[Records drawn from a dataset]
□ □ □ □ □

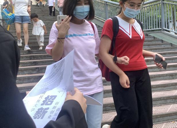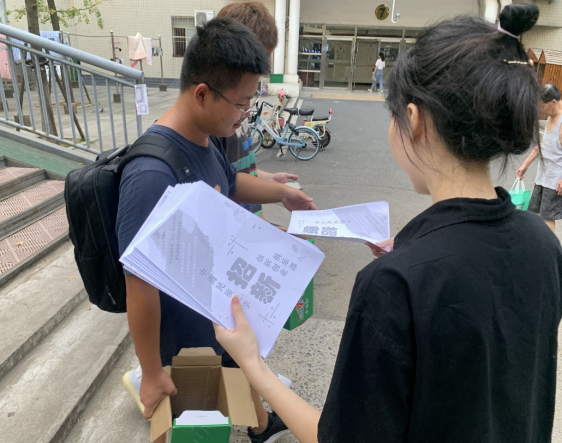 在线下宣传的过程中,俱乐部成员来到人流量较大的宿舍区、食堂等地方,将俱乐部招新的宣传手册发放给感兴趣的同学。通过俱乐部成员的努力,更多的学生认识了大学生创新创业俱乐部,多位拿到宣传手册的同学表示希望能够加入双创俱乐部。
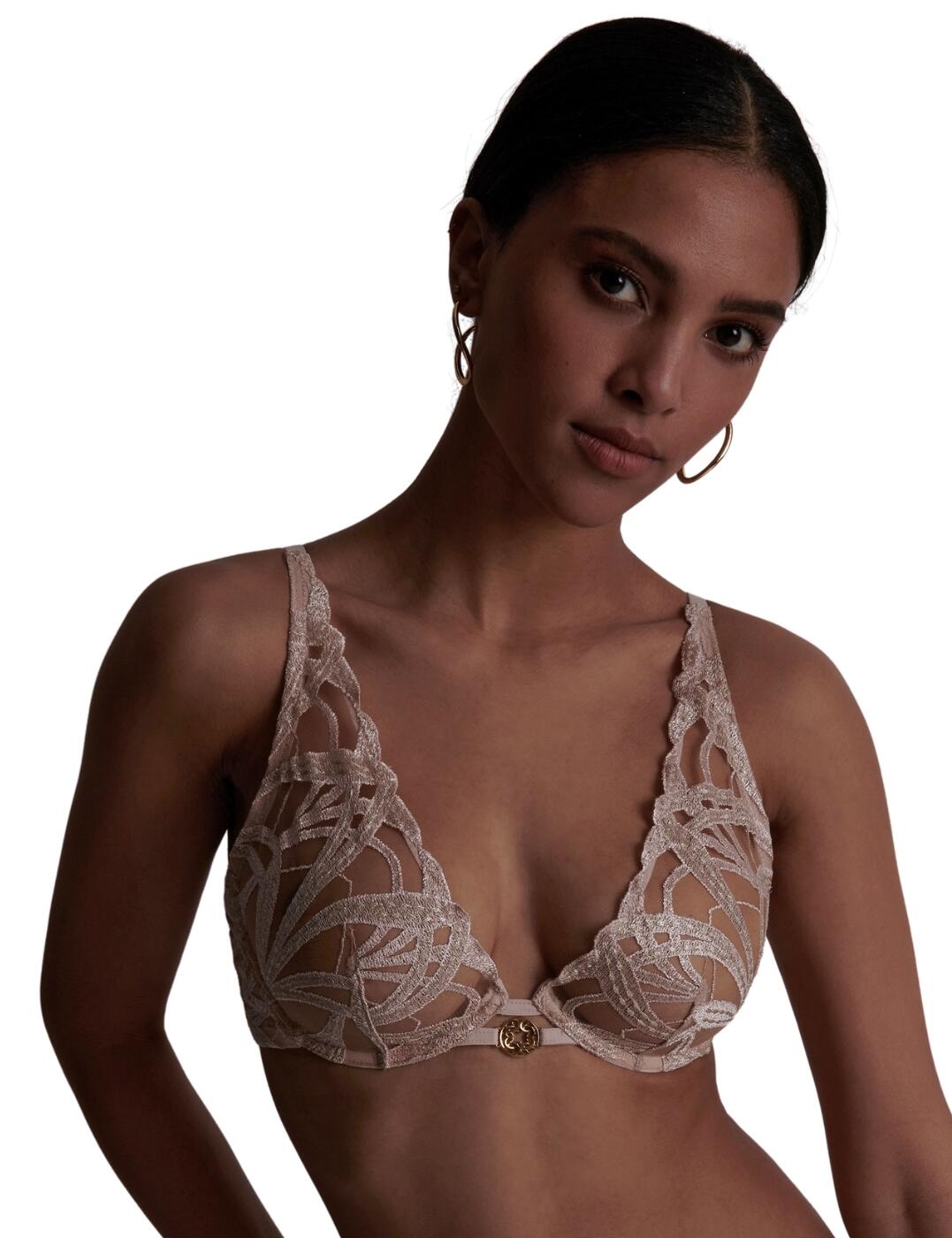 Embrace allure with the Loveland plunge bra by Freya - your new go-to for self-confident style. With its daringly low centre front and plunging neckline, this lavish bra enhances your silhouette without sacrificing support thanks to an underwire and non-padded, three-part cups. The enchanting boudoir embroidery embodies the collection's Art Deco-inspired design, while the seductive keyhole detail and gemstone and bow embellishments add touches of sophistication. Powernet wings provide additional support for all-day wear, and the fully adjustable straps and hook and eye closure ensure a personalised fit. Wear with matching lingerie from the Loveland collection for head-to-toe sumptuous style.
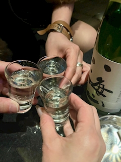 呑んべゑ行ってきたよ♡ 日本酒いつめんで(୨୧ ❛ᴗ❛)✧ はーちゃんの撮り方がオシャレで真似したー! 勝手に看板メニューやと思ってる月見つくね♡ 二日酔いななっちゃんに無理やり日本酒飲ませた( ◜ω◝ ) 楽しい出勤前飲みでした♡
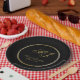 These elegant personalised wedding paper plates feature the bride's and groom's monogram initials along with their first names and wedding date in faux gold calligraphy on a simple black background bordered by a thin gold and black round frame. Please check out our I Love Weddingz shop to find more selections in this collection. Designed by Susan Coffey.
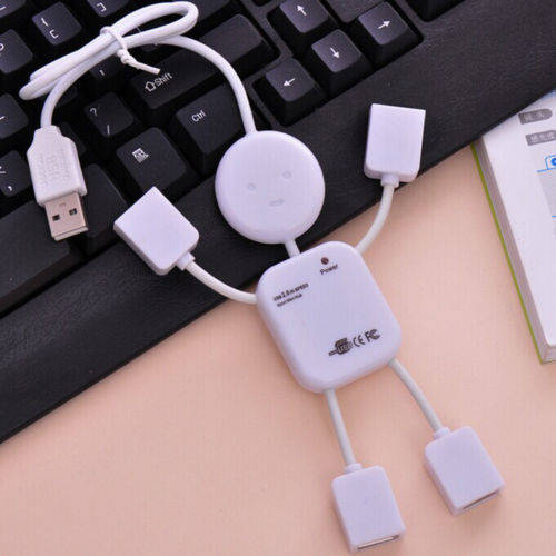 White New Cute Human Shape Laptop Notebook PC USB 2.0 Hub 4 Port Split Extention
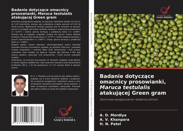 Sezonowe wyst¿powanie wykazäo, ¿e populacja szkodników wahäa si¿ od 0,51 do 3,20 larw/ro¿lin¿, podczas gdy uszkodzenia str¿ków wynosi¿y od 8,93 do 36,26 procent. Wspó¿czynnik korelacji populacji larw M. testulalis na zielonym gramie w Junagadh by¿ istotn¿ dodatni¿ korelacj¿ z maksymaln¿ temperatur¿ (r= 0,675*) i istotn¿ ujemn¿ korelacj¿ z pr¿dko¿ci¿ wiatru (r= -0,669*). Podczas gdy w przypadku uszkodze¿ str¿ków (%) wysoce istotna dodatnia korelacja z maksymaln¿ temperatur¿ (r= 0,747**), istotna dodatnia korelacja z jasnym nas¿onecznieniem (r= 0,687*) i istotna ujemna korelacja z pr¿dko¿ci¿ wiatru (r= -0,695*).Badania polowe ró¿nych dziesi¿ciu odmian/genotypów grama zielonego przeciwko omacnicy prosowiance wykazäy, ¿e najni¿sz¿ liczb¿ larw i uszkodze¿ str¿ków stwierdzono u odmiany Meha (0,92 larwy/ro¿lin¿ i 9,28 procent uszkodze¿), która okazäa si¿ odporna. Podczas gdy odmiana K 851 by¿a wysoce podatna, rejestruj¿c 3,42 larwy/ro¿lin¿ i 33,26 procent uszkodze¿ str¿ków.Stwierdzono, ¿e omacnica prosowianka, M. testulalis osi¿gn¿¿a szczyt g¿ównie w trzecim tygodniu pädziernika i by¿a skutecznie zwalczana przez zastosowanie broflanilidu 300 g / l SC lub spinetoramu 11,7 SC podczas Kharif w zielonym gramie.
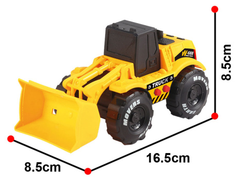 To prawdziwa gratka dla najmłodszych fanów motoryzacji i majsterkowania. Model pojazdu wzorowany na prawdziwym pojeździe budowlanym zachwyci każdego malucha! Ciekawe wykonanie, wbudowane dźwięki, święcące światła na pewno zadowolą każde dziecko. Dodatkowo koparka posiada ruchomą łyżkę, możemy nią operować jak w prawdziwym pojeździę budowlanym. Ponadto dzięki napędowi typu friction power możemy rozpędzić autko.
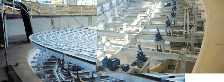 Around 60 to 70 SHE screw jacks are used in each curve for axial adjustment of the curve segments. The screw jacks offer a maximum lifting force of 50 kN and are equipped with self-locking trapezoidal threaded spindles. The even curve-rise and the curve-arc require different stroke lengths, transmission ratios and screw pitches on the SHE (Tr 47 x 7 to Tr 45 x 3.51). The reason for this is that all screw jacks must reach their respective end positions at the same time, i.e. within 50 seconds, despite different stroke lengths. For each curve, 14 three-phase standard motors with 4.5 kW drive power drive the worm gear screw jacks via the corresponding bevel gearboxes K11.13 and cardan shafts. These are mechanically coupled to each other by means of additional cardan shafts, so that an absolutely synchronized drive train is available in every curve.

□ □ □ □ □

Each entry above should be printed again word for word, with any picture dropped.

■ ANSWER SPACE:
 在线下宣传的过程中,俱乐部成员来到人流量较大的宿舍区、食堂等地方,将俱乐部招新的宣传手册发放给感兴趣的同学。通过俱乐部成员的努力,更多的学生认识了大学生创新创业俱乐部,多位拿到宣传手册的同学表示希望能够加入双创俱乐部。
 Embrace allure with the Loveland plunge bra by Freya - your new go-to for self-confident style. With its daringly low centre front and plunging neckline, this lavish bra enhances your silhouette without sacrificing support thanks to an underwire and non-padded, three-part cups. The enchanting boudoir embroidery embodies the collection's Art Deco-inspired design, while the seductive keyhole detail and gemstone and bow embellishments add touches of sophistication. Powernet wings provide additional support for all-day wear, and the fully adjustable straps and hook and eye closure ensure a personalised fit. Wear with matching lingerie from the Loveland collection for head-to-toe sumptuous style.
 呑んべゑ行ってきたよ♡ 日本酒いつめんで(୨୧ ❛ᴗ❛)✧ はーちゃんの撮り方がオシャレで真似したー! 勝手に看板メニューやと思ってる月見つくね♡ 二日酔いななっちゃんに無理やり日本酒飲ませた( ◜ω◝ ) 楽しい出勤前飲みでした♡
 These elegant personalised wedding paper plates feature the bride's and groom's monogram initials along with their first names and wedding date in faux gold calligraphy on a simple black background bordered by a thin gold and black round frame. Please check out our I Love Weddingz shop to find more selections in this collection. Designed by Susan Coffey.
 White New Cute Human Shape Laptop Notebook PC USB 2.0 Hub 4 Port Split Extention
 Sezonowe wyst¿powanie wykazäo, ¿e populacja szkodników wahäa si¿ od 0,51 do 3,20 larw/ro¿lin¿, podczas gdy uszkodzenia str¿ków wynosi¿y od 8,93 do 36,26 procent. Wspó¿czynnik korelacji populacji larw M. testulalis na zielonym gramie w Junagadh by¿ istotn¿ dodatni¿ korelacj¿ z maksymaln¿ temperatur¿ (r= 0,675*) i istotn¿ ujemn¿ korelacj¿ z pr¿dko¿ci¿ wiatru (r= -0,669*). Podczas gdy w przypadku uszkodze¿ str¿ków (%) wysoce istotna dodatnia korelacja z maksymaln¿ temperatur¿ (r= 0,747**), istotna dodatnia korelacja z jasnym nas¿onecznieniem (r= 0,687*) i istotna ujemna korelacja z pr¿dko¿ci¿ wiatru (r= -0,695*).Badania polowe ró¿nych dziesi¿ciu odmian/genotypów grama zielonego przeciwko omacnicy prosowiance wykazäy, ¿e najni¿sz¿ liczb¿ larw i uszkodze¿ str¿ków stwierdzono u odmiany Meha (0,92 larwy/ro¿lin¿ i 9,28 procent uszkodze¿), która okazäa si¿ odporna. Podczas gdy odmiana K 851 by¿a wysoce podatna, rejestruj¿c 3,42 larwy/ro¿lin¿ i 33,26 procent uszkodze¿ str¿ków.Stwierdzono, ¿e omacnica prosowianka, M. testulalis osi¿gn¿¿a szczyt g¿ównie w trzecim tygodniu pädziernika i by¿a skutecznie zwalczana przez zastosowanie broflanilidu 300 g / l SC lub spinetoramu 11,7 SC podczas Kharif w zielonym gramie.
 To prawdziwa gratka dla najmłodszych fanów motoryzacji i majsterkowania. Model pojazdu wzorowany na prawdziwym pojeździe budowlanym zachwyci każdego malucha! Ciekawe wykonanie, wbudowane dźwięki, święcące światła na pewno zadowolą każde dziecko. Dodatkowo koparka posiada ruchomą łyżkę, możemy nią operować jak w prawdziwym pojeździę budowlanym. Ponadto dzięki napędowi typu friction power możemy rozpędzić autko.
 Around 60 to 70 SHE screw jacks are used in each curve for axial adjustment of the curve segments. The screw jacks offer a maximum lifting force of 50 kN and are equipped with self-locking trapezoidal threaded spindles. The even curve-rise and the curve-arc require different stroke lengths, transmission ratios and screw pitches on the SHE (Tr 47 x 7 to Tr 45 x 3.51). The reason for this is that all screw jacks must reach their respective end positions at the same time, i.e. within 50 seconds, despite different stroke lengths. For each curve, 14 three-phase standard motors with 4.5 kW drive power drive the worm gear screw jacks via the corresponding bevel gearboxes K11.13 and cardan shafts. These are mechanically coupled to each other by means of additional cardan shafts, so that an absolutely synchronized drive train is available in every curve.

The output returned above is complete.